+++ AVAILABLE DATA

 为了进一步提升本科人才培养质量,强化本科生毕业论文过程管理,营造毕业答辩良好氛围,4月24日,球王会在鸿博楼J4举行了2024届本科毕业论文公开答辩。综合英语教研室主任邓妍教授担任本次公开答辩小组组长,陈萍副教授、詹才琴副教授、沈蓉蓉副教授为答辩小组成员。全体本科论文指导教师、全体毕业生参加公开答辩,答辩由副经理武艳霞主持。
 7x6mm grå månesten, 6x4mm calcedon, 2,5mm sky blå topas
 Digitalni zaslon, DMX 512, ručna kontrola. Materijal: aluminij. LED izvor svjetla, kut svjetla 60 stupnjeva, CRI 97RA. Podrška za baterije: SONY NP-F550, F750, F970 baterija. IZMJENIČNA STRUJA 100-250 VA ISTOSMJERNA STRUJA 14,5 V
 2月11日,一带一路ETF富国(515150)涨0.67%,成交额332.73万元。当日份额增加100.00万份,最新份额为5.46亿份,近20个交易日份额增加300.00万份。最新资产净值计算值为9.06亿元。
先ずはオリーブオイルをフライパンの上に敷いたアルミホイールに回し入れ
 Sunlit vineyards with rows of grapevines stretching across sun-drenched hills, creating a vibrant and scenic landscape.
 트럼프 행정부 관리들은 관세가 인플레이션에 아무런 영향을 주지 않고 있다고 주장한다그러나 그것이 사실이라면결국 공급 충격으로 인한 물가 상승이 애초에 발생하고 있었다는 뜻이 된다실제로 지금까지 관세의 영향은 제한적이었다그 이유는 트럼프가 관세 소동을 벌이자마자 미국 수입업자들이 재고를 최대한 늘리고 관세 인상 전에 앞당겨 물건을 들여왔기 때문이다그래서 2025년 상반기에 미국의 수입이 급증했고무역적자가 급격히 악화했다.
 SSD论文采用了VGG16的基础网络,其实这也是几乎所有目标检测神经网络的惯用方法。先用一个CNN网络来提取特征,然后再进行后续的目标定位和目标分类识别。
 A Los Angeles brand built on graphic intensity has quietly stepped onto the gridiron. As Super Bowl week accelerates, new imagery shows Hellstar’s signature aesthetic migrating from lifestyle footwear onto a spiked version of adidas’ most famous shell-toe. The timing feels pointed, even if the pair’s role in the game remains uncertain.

++++++
+++ AVAILABLE DATA

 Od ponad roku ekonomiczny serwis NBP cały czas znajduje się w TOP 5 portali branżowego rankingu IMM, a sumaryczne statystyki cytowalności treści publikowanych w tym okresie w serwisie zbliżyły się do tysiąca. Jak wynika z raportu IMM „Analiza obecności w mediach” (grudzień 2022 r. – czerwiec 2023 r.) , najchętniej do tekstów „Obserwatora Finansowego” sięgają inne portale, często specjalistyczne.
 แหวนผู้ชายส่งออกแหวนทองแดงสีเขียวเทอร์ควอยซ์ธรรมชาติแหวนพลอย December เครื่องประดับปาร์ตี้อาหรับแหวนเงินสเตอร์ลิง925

++++++
+++ AVAILABLE DATA

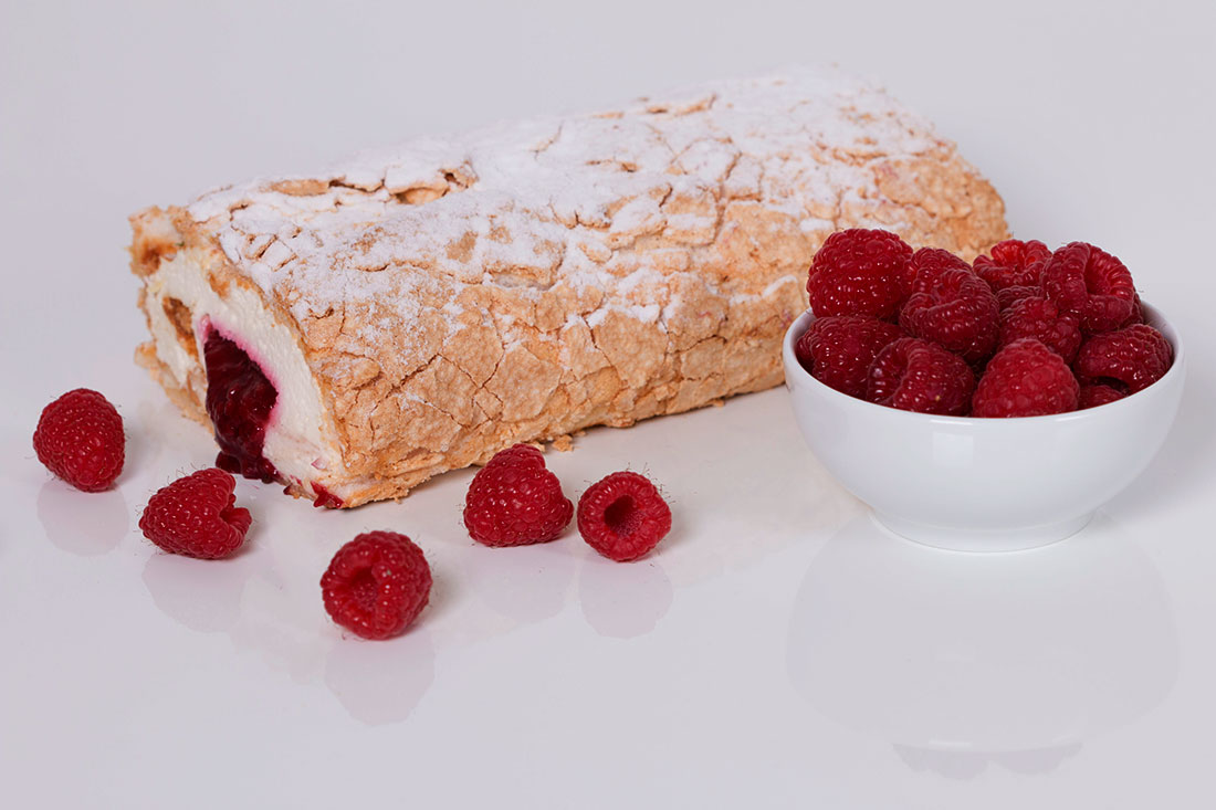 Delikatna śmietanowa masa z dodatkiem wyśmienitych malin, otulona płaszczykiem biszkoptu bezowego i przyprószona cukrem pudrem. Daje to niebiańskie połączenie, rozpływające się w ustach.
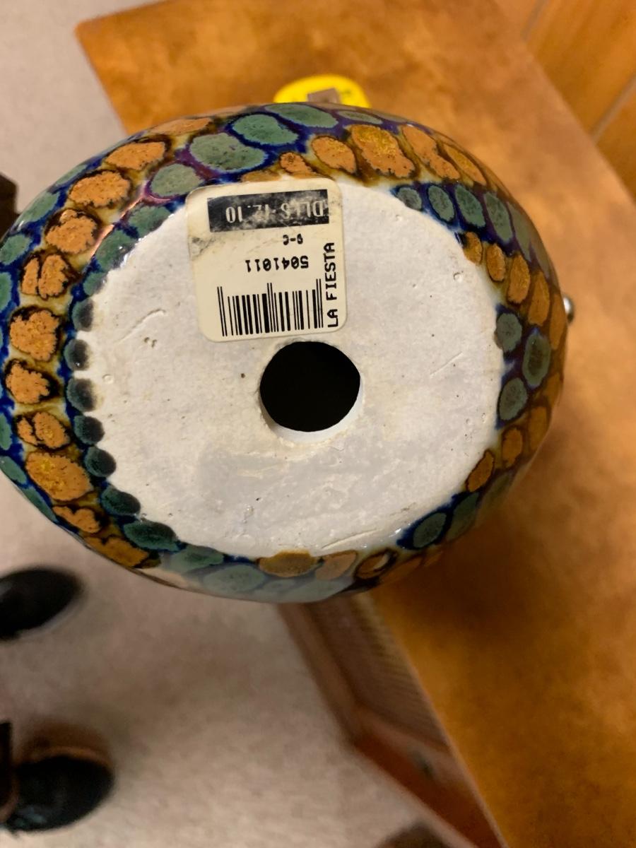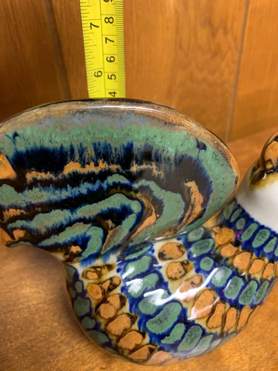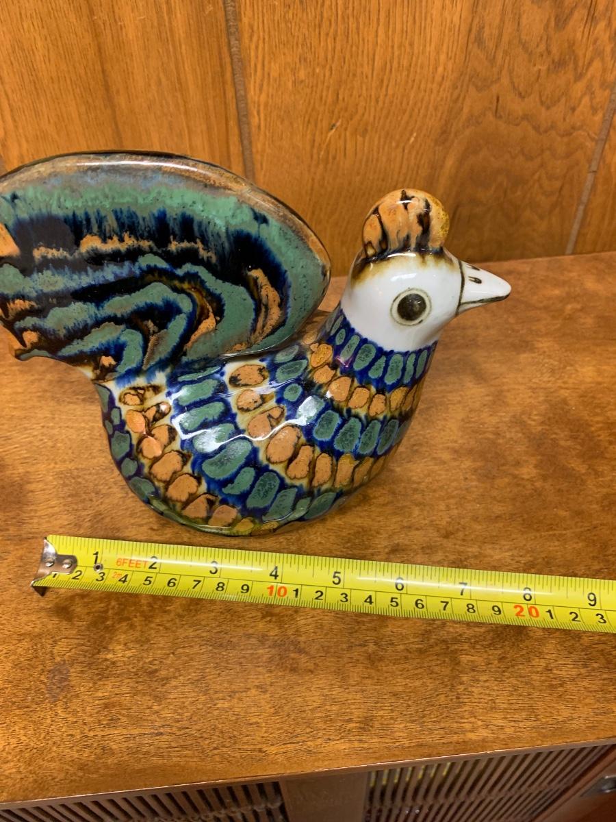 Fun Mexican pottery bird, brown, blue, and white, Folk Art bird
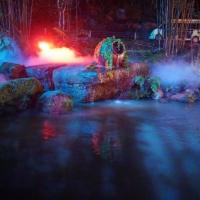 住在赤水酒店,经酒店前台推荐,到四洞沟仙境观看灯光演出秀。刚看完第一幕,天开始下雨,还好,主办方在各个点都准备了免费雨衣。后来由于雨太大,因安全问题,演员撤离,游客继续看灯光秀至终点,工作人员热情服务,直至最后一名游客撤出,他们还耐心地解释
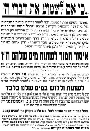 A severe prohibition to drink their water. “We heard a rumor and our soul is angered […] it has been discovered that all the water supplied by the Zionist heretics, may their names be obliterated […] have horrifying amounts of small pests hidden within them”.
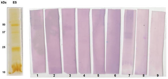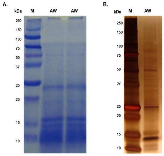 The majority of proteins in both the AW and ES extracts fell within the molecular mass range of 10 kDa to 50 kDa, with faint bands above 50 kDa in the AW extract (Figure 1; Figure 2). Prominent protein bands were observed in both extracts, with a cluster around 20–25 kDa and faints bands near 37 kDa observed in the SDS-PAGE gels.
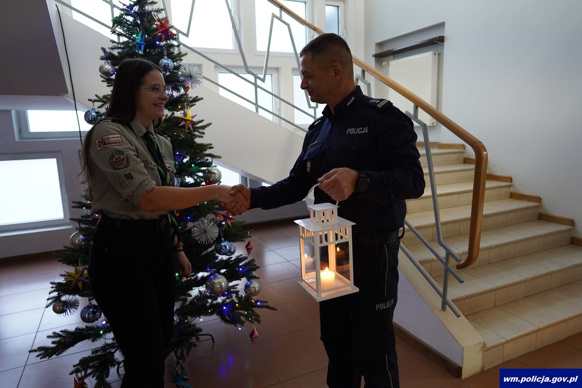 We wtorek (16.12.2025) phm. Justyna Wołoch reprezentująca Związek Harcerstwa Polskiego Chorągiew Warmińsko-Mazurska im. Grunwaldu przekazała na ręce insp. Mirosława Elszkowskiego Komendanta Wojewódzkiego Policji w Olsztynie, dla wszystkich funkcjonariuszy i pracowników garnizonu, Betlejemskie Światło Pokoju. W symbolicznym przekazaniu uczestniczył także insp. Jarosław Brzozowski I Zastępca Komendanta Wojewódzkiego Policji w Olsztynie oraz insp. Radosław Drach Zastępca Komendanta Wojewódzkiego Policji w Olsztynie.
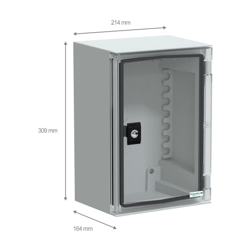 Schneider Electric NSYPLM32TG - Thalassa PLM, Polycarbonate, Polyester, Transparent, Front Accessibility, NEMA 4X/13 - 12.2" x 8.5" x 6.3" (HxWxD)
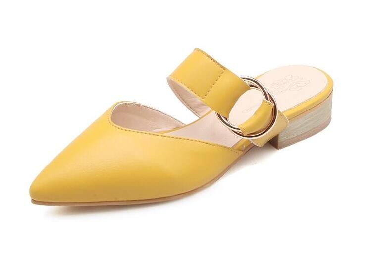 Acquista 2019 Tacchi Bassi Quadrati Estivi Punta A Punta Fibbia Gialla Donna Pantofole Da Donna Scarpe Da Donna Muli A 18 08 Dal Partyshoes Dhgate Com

++++++

EXERCISE DIRECTIONS ▸
Reproduce exactly, and only, the part of the listing above that begins at the line with "Sunlit vineyards with" and goes on through the line with "SSD论文采用了VGG16的".

EXERCISE SOLUTION ▸
 Sunlit vineyards with rows of grapevines stretching across sun-drenched hills, creating a vibrant and scenic landscape.
 트럼프 행정부 관리들은 관세가 인플레이션에 아무런 영향을 주지 않고 있다고 주장한다그러나 그것이 사실이라면결국 공급 충격으로 인한 물가 상승이 애초에 발생하고 있었다는 뜻이 된다실제로 지금까지 관세의 영향은 제한적이었다그 이유는 트럼프가 관세 소동을 벌이자마자 미국 수입업자들이 재고를 최대한 늘리고 관세 인상 전에 앞당겨 물건을 들여왔기 때문이다그래서 2025년 상반기에 미국의 수입이 급증했고무역적자가 급격히 악화했다.
 SSD论文采用了VGG16的基础网络,其实这也是几乎所有目标检测神经网络的惯用方法。先用一个CNN网络来提取特征,然后再进行后续的目标定位和目标分类识别。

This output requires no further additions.